**What the exercise asks:**
Write out, without any change, the lines in the material below that run from the line with "在提问环节,同学们就学习、职" through the line with "JINGDEZHEN, 18 octubre, 2025", both included.

**Recorded information:**
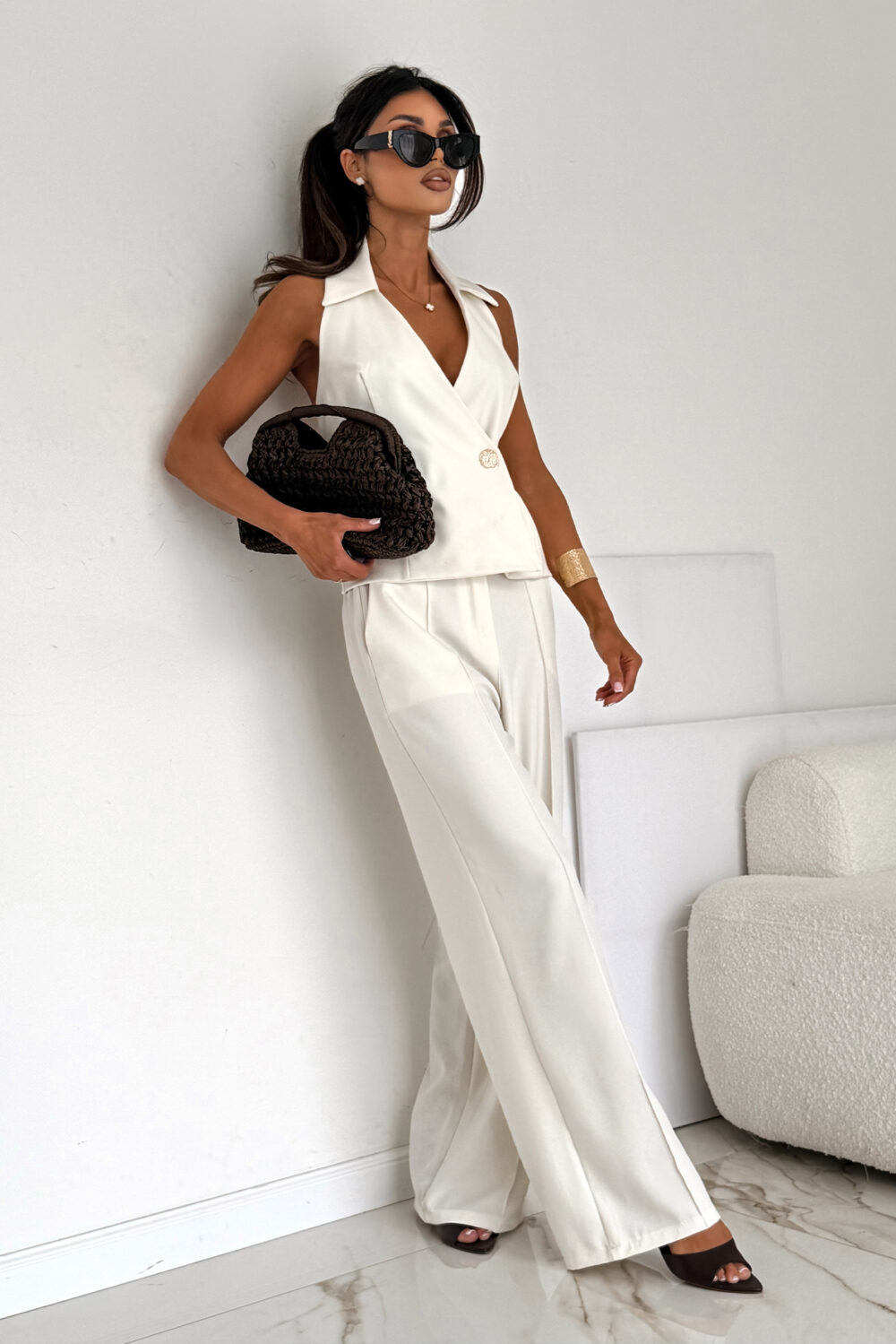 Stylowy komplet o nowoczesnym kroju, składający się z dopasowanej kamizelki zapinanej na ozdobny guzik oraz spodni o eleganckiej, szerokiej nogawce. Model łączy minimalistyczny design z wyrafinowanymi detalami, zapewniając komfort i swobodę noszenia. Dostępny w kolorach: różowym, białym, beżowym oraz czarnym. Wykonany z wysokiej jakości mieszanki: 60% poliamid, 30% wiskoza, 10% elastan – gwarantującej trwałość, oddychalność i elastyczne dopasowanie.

...

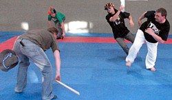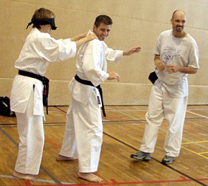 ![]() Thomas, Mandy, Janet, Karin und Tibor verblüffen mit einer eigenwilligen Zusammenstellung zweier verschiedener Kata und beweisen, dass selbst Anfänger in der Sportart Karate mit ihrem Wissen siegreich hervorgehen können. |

---

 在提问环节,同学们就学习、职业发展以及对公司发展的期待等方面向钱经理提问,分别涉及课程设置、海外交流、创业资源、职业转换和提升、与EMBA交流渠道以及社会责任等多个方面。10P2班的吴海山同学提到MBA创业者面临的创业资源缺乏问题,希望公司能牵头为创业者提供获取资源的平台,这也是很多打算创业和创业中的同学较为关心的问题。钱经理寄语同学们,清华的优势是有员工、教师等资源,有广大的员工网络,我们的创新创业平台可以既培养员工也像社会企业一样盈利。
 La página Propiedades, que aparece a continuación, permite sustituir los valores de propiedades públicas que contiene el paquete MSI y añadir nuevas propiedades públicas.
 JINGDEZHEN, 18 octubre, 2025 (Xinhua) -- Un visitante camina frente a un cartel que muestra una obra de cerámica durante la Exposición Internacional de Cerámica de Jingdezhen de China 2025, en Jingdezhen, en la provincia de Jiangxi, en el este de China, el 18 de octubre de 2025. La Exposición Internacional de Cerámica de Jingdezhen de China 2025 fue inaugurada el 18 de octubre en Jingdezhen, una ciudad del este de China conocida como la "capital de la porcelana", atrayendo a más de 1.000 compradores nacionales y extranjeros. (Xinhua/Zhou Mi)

**Problem solution:**
 在提问环节,同学们就学习、职业发展以及对公司发展的期待等方面向钱经理提问,分别涉及课程设置、海外交流、创业资源、职业转换和提升、与EMBA交流渠道以及社会责任等多个方面。10P2班的吴海山同学提到MBA创业者面临的创业资源缺乏问题,希望公司能牵头为创业者提供获取资源的平台,这也是很多打算创业和创业中的同学较为关心的问题。钱经理寄语同学们,清华的优势是有员工、教师等资源,有广大的员工网络,我们的创新创业平台可以既培养员工也像社会企业一样盈利。
 La página Propiedades, que aparece a continuación, permite sustituir los valores de propiedades públicas que contiene el paquete MSI y añadir nuevas propiedades públicas.
 JINGDEZHEN, 18 octubre, 2025 (Xinhua) -- Un visitante camina frente a un cartel que muestra una obra de cerámica durante la Exposición Internacional de Cerámica de Jingdezhen de China 2025, en Jingdezhen, en la provincia de Jiangxi, en el este de China, el 18 de octubre de 2025. La Exposición Internacional de Cerámica de Jingdezhen de China 2025 fue inaugurada el 18 de octubre en Jingdezhen, una ciudad del este de China conocida como la "capital de la porcelana", atrayendo a más de 1.000 compradores nacionales y extranjeros. (Xinhua/Zhou Mi)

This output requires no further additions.